What is expected:
Quote the listing below in its entirety, omitting every image.

Data below:
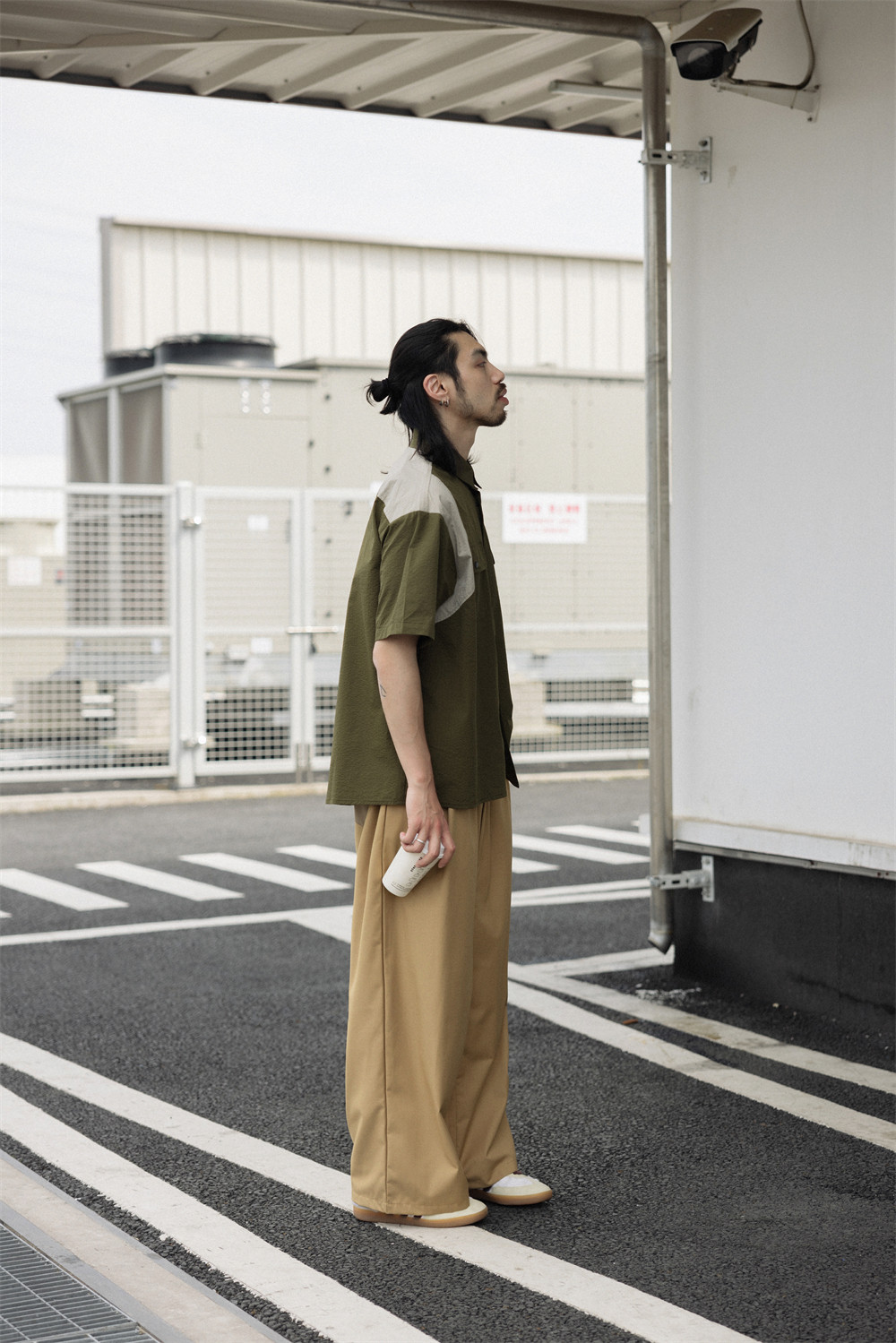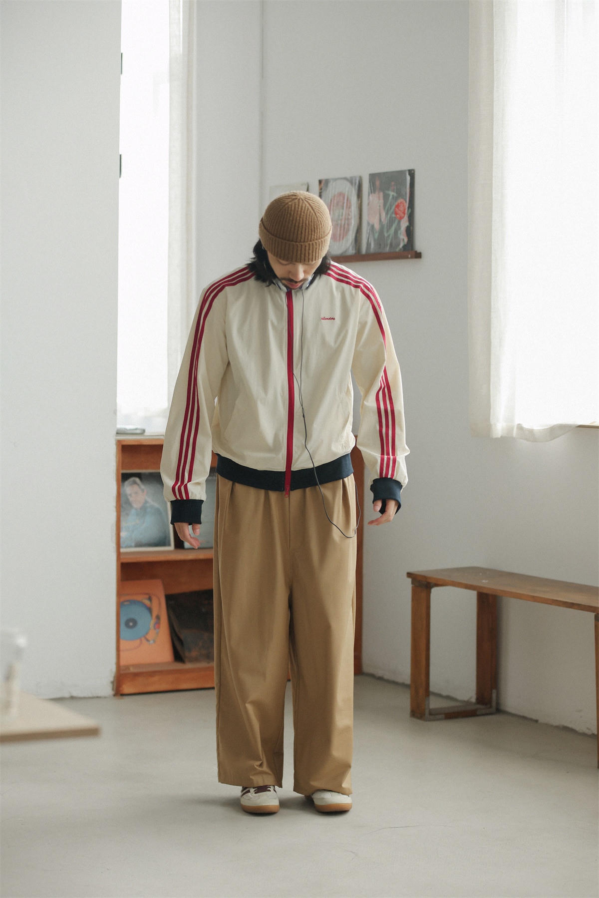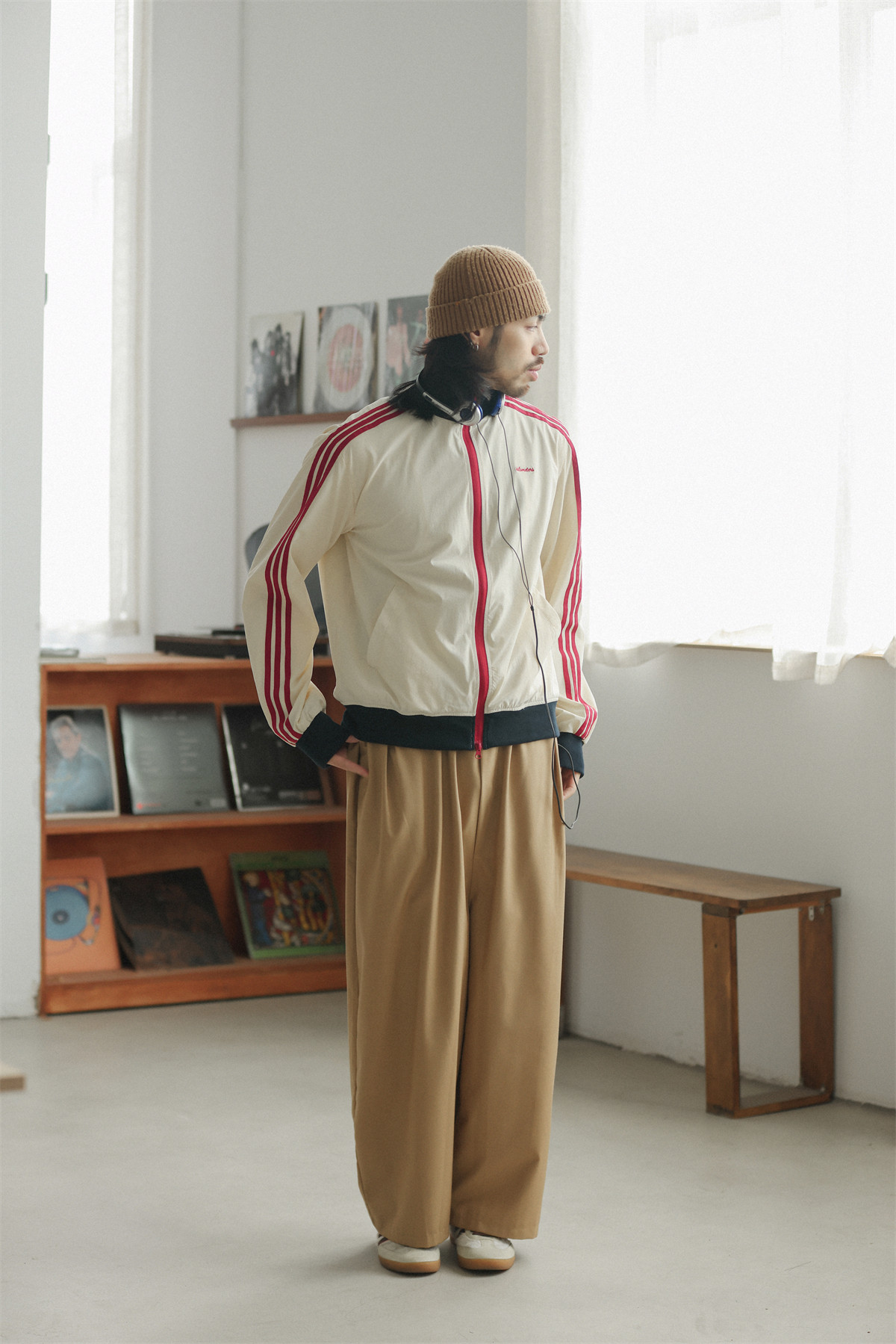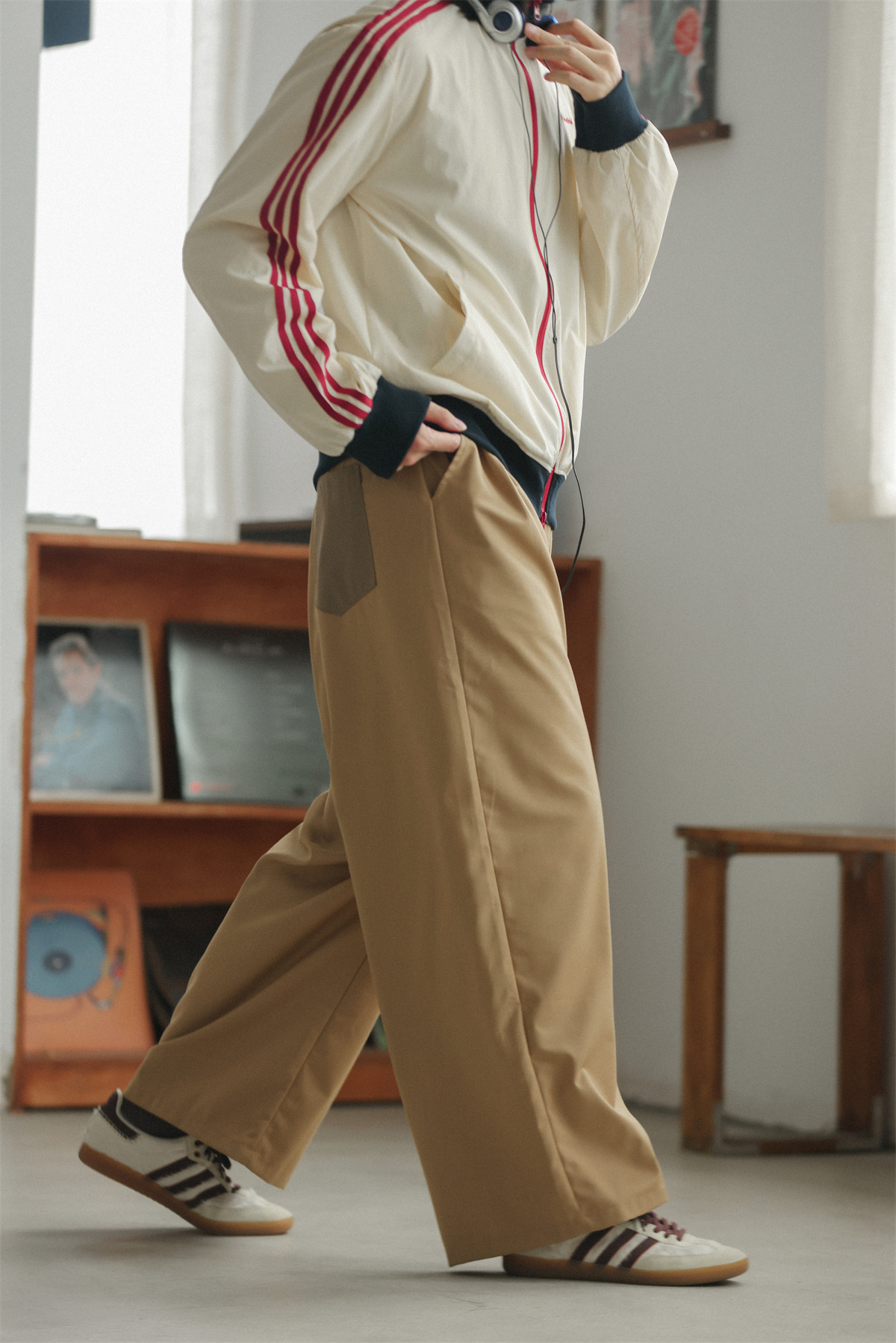 NOEARS Contrasting Stitching Elastic Waist Slacks
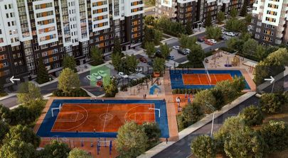 Благоустроенный территория с детскими площадками,спортивными площадками и зонами для прогулок и отдыха.
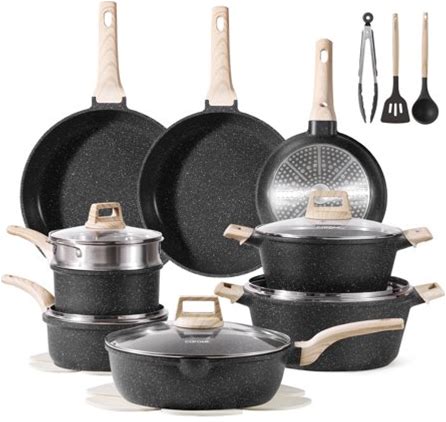 Carote Nonstick Cookware Sets, 24 Pcs Granite Non Stick Pots And Pans Set, Induction Cookware, White
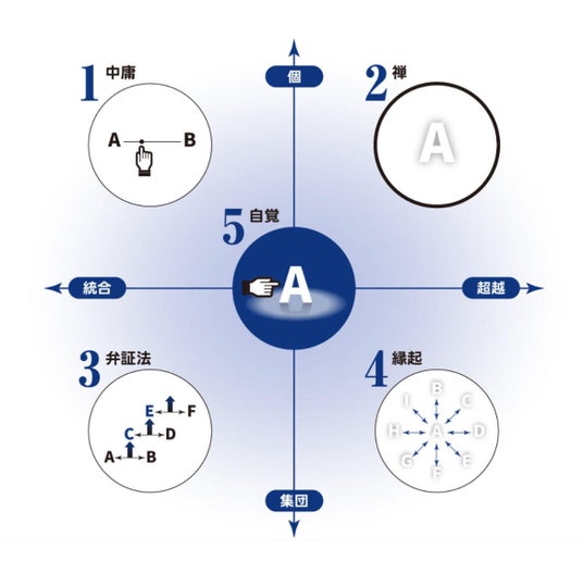 人事哲学 実践講座 5教科_概念図(中庸・禅・弁証法・縁起・自覚)

Finished task:
 NOEARS Contrasting Stitching Elastic Waist Slacks
 Благоустроенный территория с детскими площадками,спортивными площадками и зонами для прогулок и отдыха.
 Carote Nonstick Cookware Sets, 24 Pcs Granite Non Stick Pots And Pans Set, Induction Cookware, White
 人事哲学 実践講座 5教科_概念図(中庸・禅・弁証法・縁起・自覚)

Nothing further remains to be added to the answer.